I think a lot of AI's success with this will depend on logic and reasoning algorithms. For example 99% of Americans eat animal products notwithstanding the suffering that those animals endure in factory farms. While there may not be consensus on the cruelty of this practice, the logic and reasoning behind it being terribly cruel could not be more clear.
Yes, I do believe that we humans need to ramp up our own morality in order to better understand what AI comes up with. Perhaps we need it to also help us do that.
Media-driven fears about AI causing major havoc that includes human extinction have as their foundation the fear that we will not solve alignment before we reach AGI. What hasn't been sufficiently appreciated is that alignment is most fundamentally about morality.
This is where narrow AI systems trained to understand morality hold great promise. We humans may not have the intelligence to sufficiently solve alignment but by creating narrow AI systems that understand and advance morality we can solve it sooner.
Since our greatest alignment fears are about when we reach artificial super-intelligence, (ASI) perhaps narrow morality-focused ASIs should take the lead on that work. Narrow AI systems already approach top level legal and medical expertise. And because progress in those two domains is so rapid, we can expect major advances in the next few years.
We can develop a top level narrow super-intelligent AI that advances the morality at the heart of alignment. Such a system might be dubbed Narrow Artificial Moral Super-intelligence, or NAMSI.
Some developers like Stability AI understand the advantage of developing narrow AI rather than working on more ambitious, but less attainable, AGI. In fact Stability's business model is about selling narrow AI to countries and corporations.
A question we face as a global society is to what might we best apply AI? Considering the absolute necessity of solving alignment and appreciating that morality is our central challenge here, developing NAMSI may prove our most promising application as we near AGI.

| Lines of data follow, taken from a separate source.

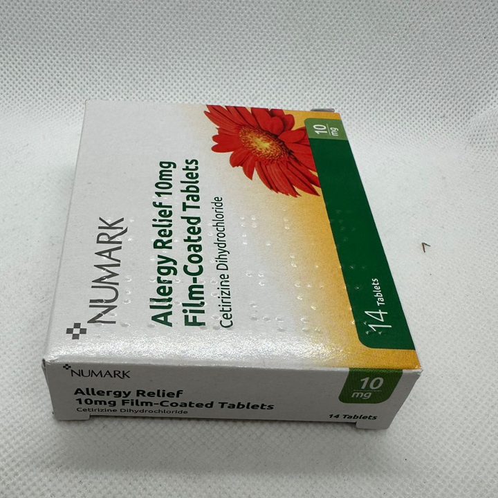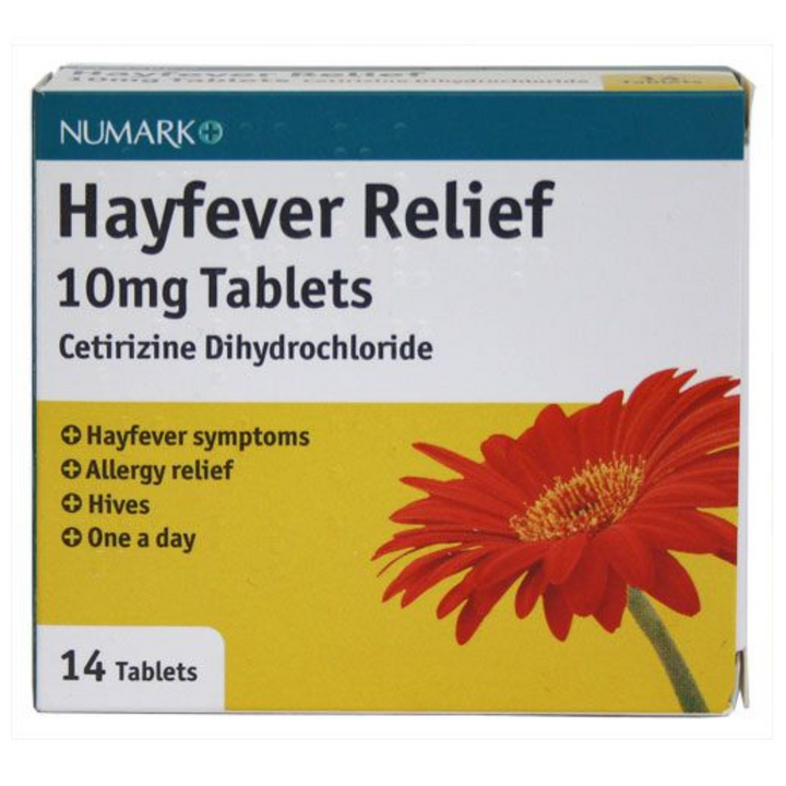 Numark Hayfever Relief Cetirizine Dihydrochloride 10mg Tablets are an antihistamine which blocks the effects of histamine (naturally occuring substance in the body that is involved in allergic reactions). It effectively relieve the unpleasant symptoms and discomfort associated with allergies such as sneezing, irritated, runny and blocked up nose, itchy, red and watering eyes and skin rashes.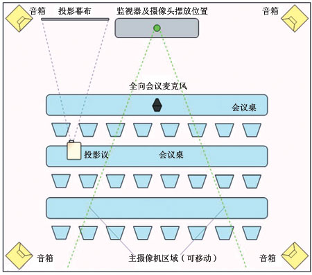 會場設計的好壞是視頻會議系統實施成敗的關鍵。視頻會議系統并不單純是將幾個視頻交換平臺和終端通過網絡連接起來就可以順利運行了,需綜合考慮會場的網絡環(huán)境、位置及大小、燈光和電源等因素,才能在會議音視頻質量、會議功能、操作簡便性及穩(wěn)定性等方面發(fā)揮最優(yōu)的功能。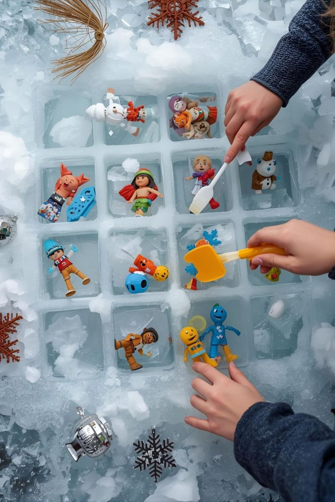 This is a cool, hands-on gift that feels like a little science project. Freeze small toys or trinkets inside ice blocks made in containers or cups. Include safe tools like plastic spoons, salt, or warm water spray bottles for “excavation.” Package everything in a box with instructions. Kids get to chip away and rescue hidden treasures, which is thrilling and keeps them busy. This diy christmas gift for kids works well because it uses everyday stuff and turns playtime into discovery, perfect for winter days.
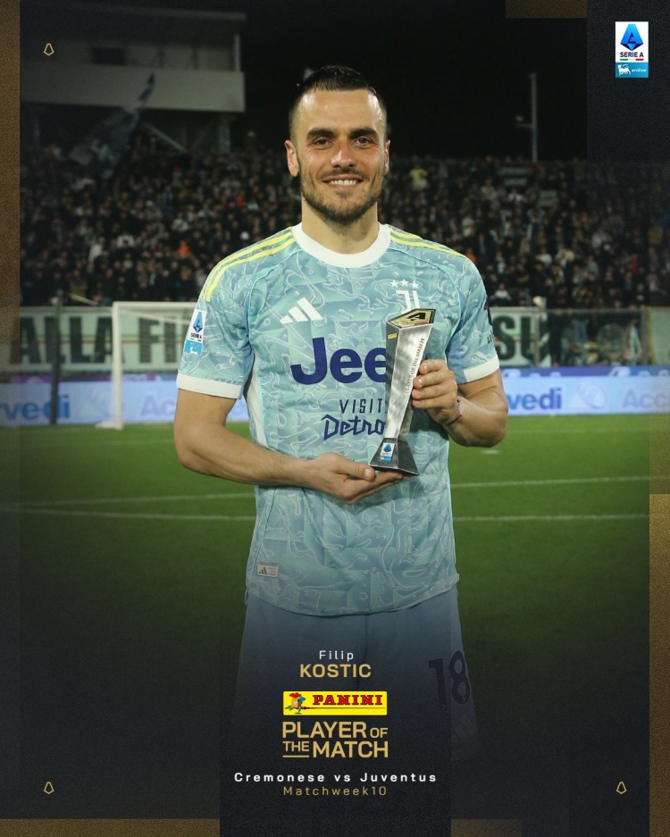开场闪电破门!科斯蒂奇当选尤文vs克雷莫内塞全场最佳球员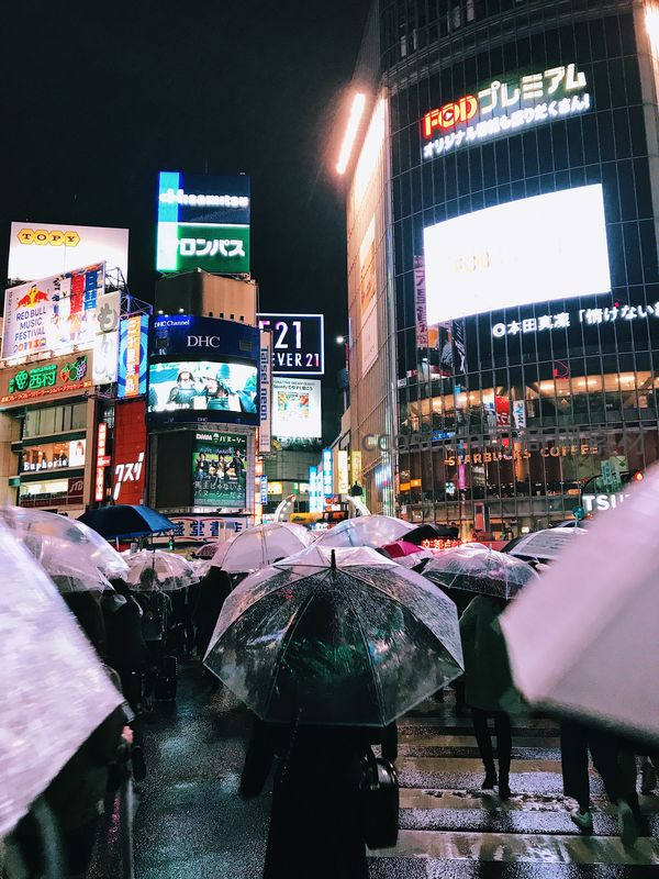 在东京涩谷的雨夜,行人们撑着透明雨伞穿梭于闪烁的巨型霓虹广告牌之间,展现了现代都市的喧嚣与活力。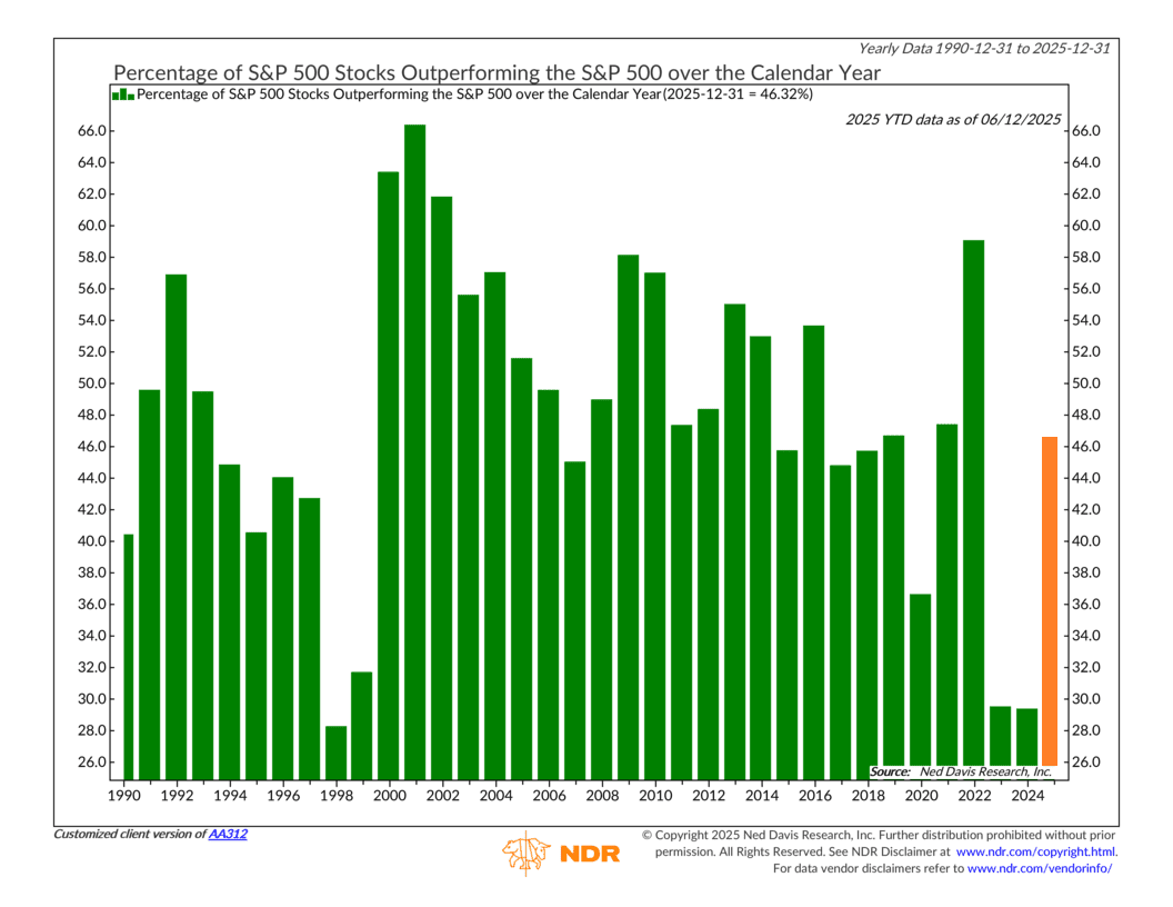 But this year looks different. We had a hiccup back in April, but since then, the market has recovered. As of June 12, roughly 46% of S&P 500 companies have outpaced the index’s 1.8% year-to-date gain—much closer to the long-term average of 48%.

But why go for narrow artificial moral super-intelligence rather than simply artificial moral intelligence? Because this is within our grasp. While morality has great complexities that challenge humans, our success with narrow legal and medical AI tells us something. We have reason to be confident that if we train AI systems to better understand the workings of morality, we can expect that they will achieve a level of expertise in this domain that far exceeds our own. This expertise could then guide them in more effectively solving alignment than what seems currently possible through human intelligence.